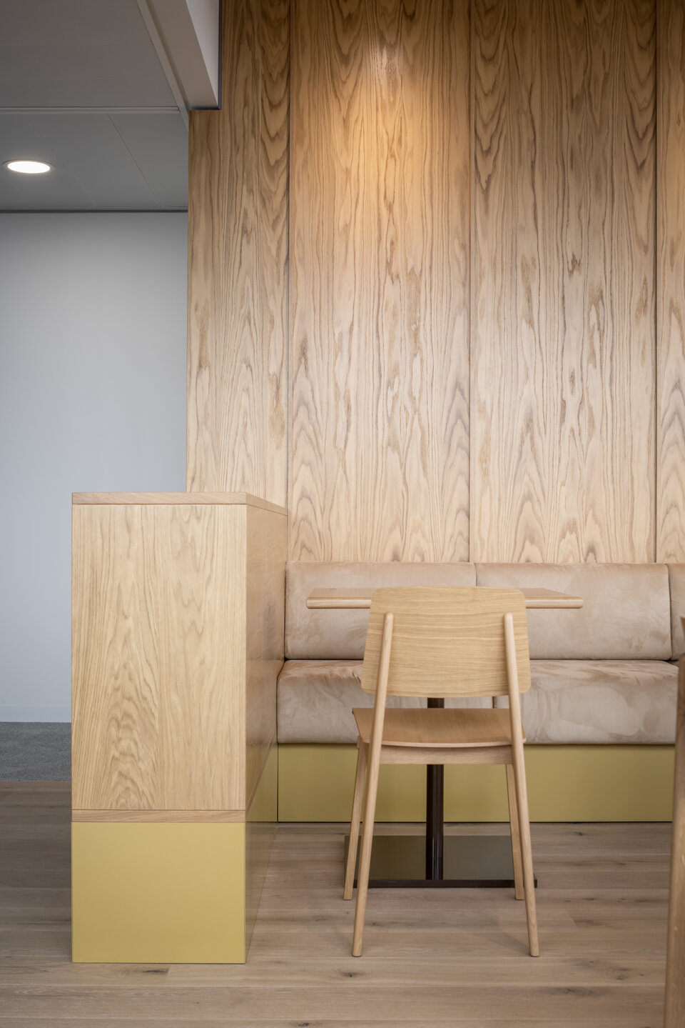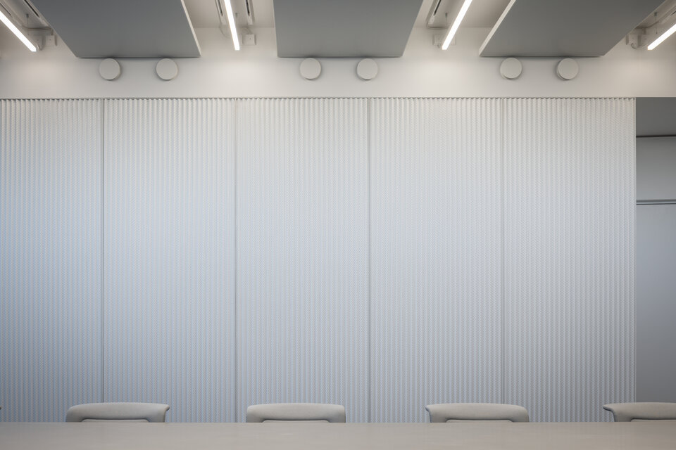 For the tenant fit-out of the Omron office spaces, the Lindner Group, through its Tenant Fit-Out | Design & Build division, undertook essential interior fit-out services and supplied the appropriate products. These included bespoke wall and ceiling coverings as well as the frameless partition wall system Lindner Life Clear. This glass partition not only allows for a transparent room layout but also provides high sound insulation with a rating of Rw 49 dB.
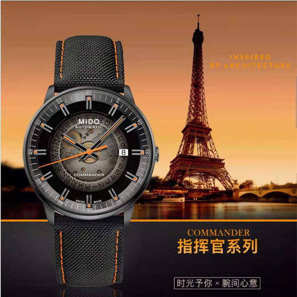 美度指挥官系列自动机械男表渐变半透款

▬▬▬▬▬▬▬▬▬▬

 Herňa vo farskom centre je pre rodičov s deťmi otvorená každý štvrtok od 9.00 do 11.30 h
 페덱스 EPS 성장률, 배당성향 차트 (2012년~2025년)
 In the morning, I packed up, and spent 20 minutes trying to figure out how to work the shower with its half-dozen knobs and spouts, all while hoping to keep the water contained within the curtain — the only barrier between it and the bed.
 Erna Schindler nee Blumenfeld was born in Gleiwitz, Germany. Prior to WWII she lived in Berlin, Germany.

▬▬▬▬▬▬▬▬▬▬

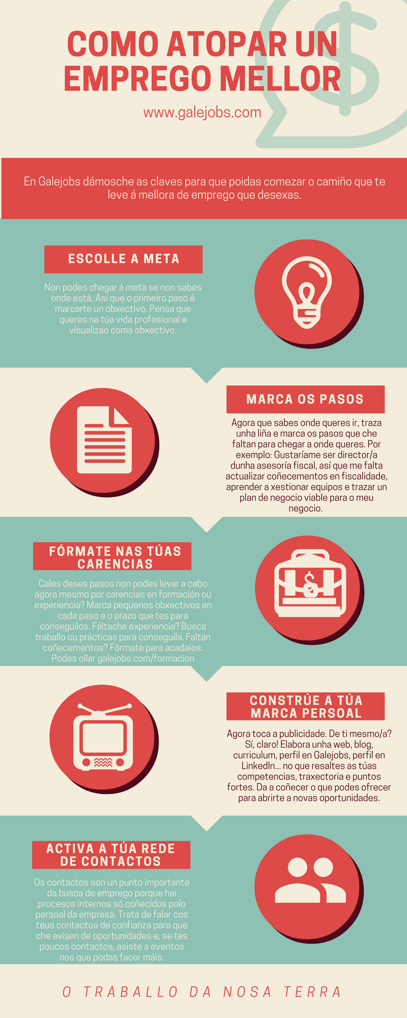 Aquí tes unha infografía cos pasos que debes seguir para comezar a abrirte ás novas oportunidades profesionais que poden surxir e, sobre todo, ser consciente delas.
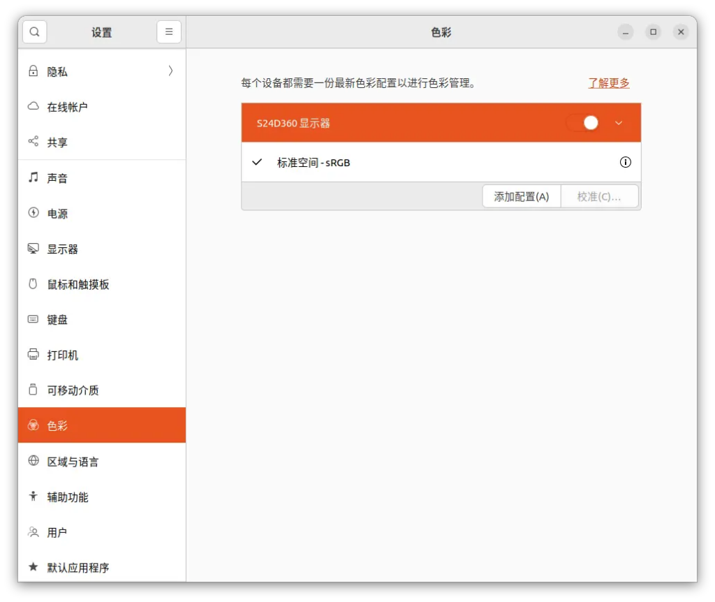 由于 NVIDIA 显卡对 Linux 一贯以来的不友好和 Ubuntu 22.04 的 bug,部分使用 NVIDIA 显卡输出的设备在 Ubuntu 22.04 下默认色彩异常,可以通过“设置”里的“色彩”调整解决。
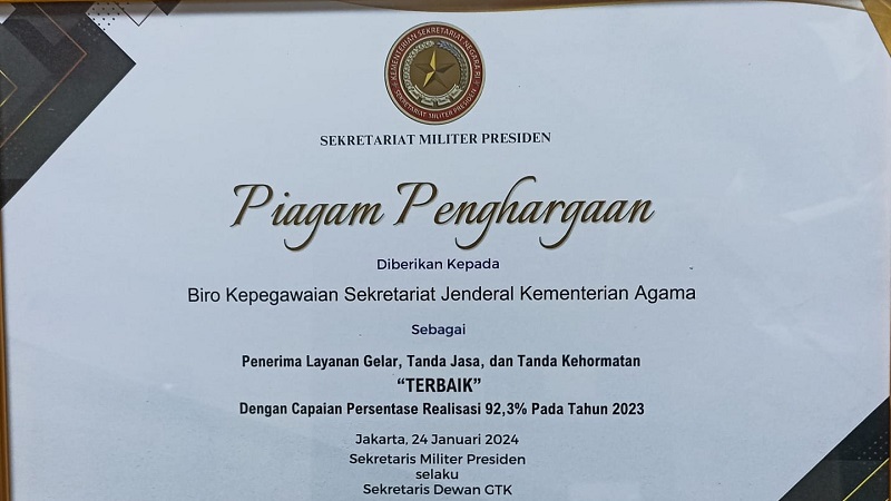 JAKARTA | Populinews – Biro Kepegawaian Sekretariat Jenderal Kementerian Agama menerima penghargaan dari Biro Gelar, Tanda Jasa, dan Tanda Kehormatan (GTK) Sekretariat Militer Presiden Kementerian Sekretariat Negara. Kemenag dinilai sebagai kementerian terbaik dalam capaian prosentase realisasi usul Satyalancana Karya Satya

▬▬▬▬▬▬▬▬▬▬

### Required action
Using the data above, retype exactly and only the lines from the one containing "Aquí tes unha" up to and including the one containing "JAKARTA | Populinews", with no pictures carried over.

### Solution to the exercise
 Aquí tes unha infografía cos pasos que debes seguir para comezar a abrirte ás novas oportunidades profesionais que poden surxir e, sobre todo, ser consciente delas.
 由于 NVIDIA 显卡对 Linux 一贯以来的不友好和 Ubuntu 22.04 的 bug,部分使用 NVIDIA 显卡输出的设备在 Ubuntu 22.04 下默认色彩异常,可以通过“设置”里的“色彩”调整解决。
 JAKARTA | Populinews – Biro Kepegawaian Sekretariat Jenderal Kementerian Agama menerima penghargaan dari Biro Gelar, Tanda Jasa, dan Tanda Kehormatan (GTK) Sekretariat Militer Presiden Kementerian Sekretariat Negara. Kemenag dinilai sebagai kementerian terbaik dalam capaian prosentase realisasi usul Satyalancana Karya Satya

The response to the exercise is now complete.